Introduction to the market:

In this assignment, I would be using the aeronautical market of India, it’s the market which produces good and services related to any equipment used for air travel. The aeronautical market has only one company called HAL (Hindustan Aeronautics Limited) in India. HAL is a state-owned aeronautical and defence company headquartered in Bengaluru, India since 1 October 1964. It is managed under the Indian ministry of defence. HAL operations involve the design, fabrication and assembly of aircraft, jet engines, helicopters and their spare parts. Its products and services include agricultural aircraft, fighter aircraft, helicopters, engines, trainer aircraft, observation & reconnaissance aircraft, transport & passenger aircraft, utility aircraft, gliders and unmanned aerial vehicles.

Market Structure

It is a structure where the behaviour of the firm(s) is influenced by the market’s characteristics like its consumers, suppliers, price, and cost of inputs and set of goods. It is also influenced by its competition, economies of scale, and policies of the government and so on. This assignment covers how HAL behaves under a particularly suitable market structure. To understand HAL market structure knowing what is a monopoly is important. “A market structure in which there is only one seller of a good or service that does not have a close substitute.”(Hubbard et al, 2015)

Hindustan Aeronautics Limited is a monopoly structured firm working alone in the aeronautics and defence industry. There are no substitutes to HAL in India and this makes it the single seller of fighter jets, helicopters, jet engines and so on. As mentioned earlier HAL is owned by the government of India and has no competitors.

HAL can be described as a combination of different types of monopolies and these can be:

Government-mandated monopoly: Due to security reasons of the defence system of India as well as the safety of the passenger's government prefers to have only one producer of aeronautic equipment. This helps the government to supervise the quality and prevents the use of cheap products.

Natural Monopoly: As the production of jets, helicopters and engines require complex and updated technology from time to time it creates a huge cost for sustaining in the market. Thus when Mr Hirachand identified the need for an Indian aircraft system back in 1940, then all the potential suppliers came together to work for HAL instead of starting their firm because of the cost-technology barrier.

Multiproduct monopoly: As HAL produces more than one type of product and even provides services like designing and so on, thus it can be said that it is a multiproduct monopoly.

HAL produces goods and services in a quantity that is enough to fulfil its market demand at a price lower than its potential competitors if they existed.

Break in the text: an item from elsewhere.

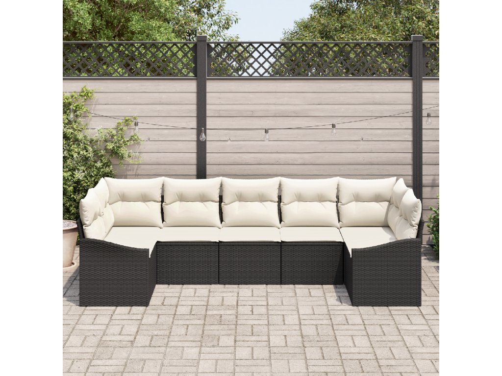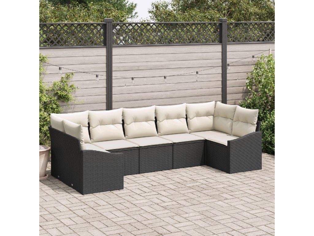 Zahradní jídelní souprava s polštářem 7 pcs Černá a krémová

As HAL has operated in the market for more than 50 years it has practice and efficiency with technology and operations better than any potential competitor planning to enter the market. Not to mention the government does not provide licenses for aircraft production to any other firm after HAL. Thus significant barriers to entering this market include government policies, licences, costs & availability of inputs, technology, economies of scale and strong competition.

HAL’s market power

A firm’s market power is determined by its price and its marginal costs. Like other monopolies, HAL is also a price maker and will always prefer to keep price above marginal costs. In a perfect or competitive market price equal marginal costs to earn zero economic profits. But a monopoly-like HAL earns a positive economic profit and thus have a higher degree of power in the market.

Price, cost and profits

Whatever amount HAL makes by selling its outputs (like aircraft) at a given price at a given time is known as its total revenue for that period. Whereas total costs incurred by HAL while producing those outputs is known as the total costs of that period. Profit for that period is the difference between total revenue and total costs.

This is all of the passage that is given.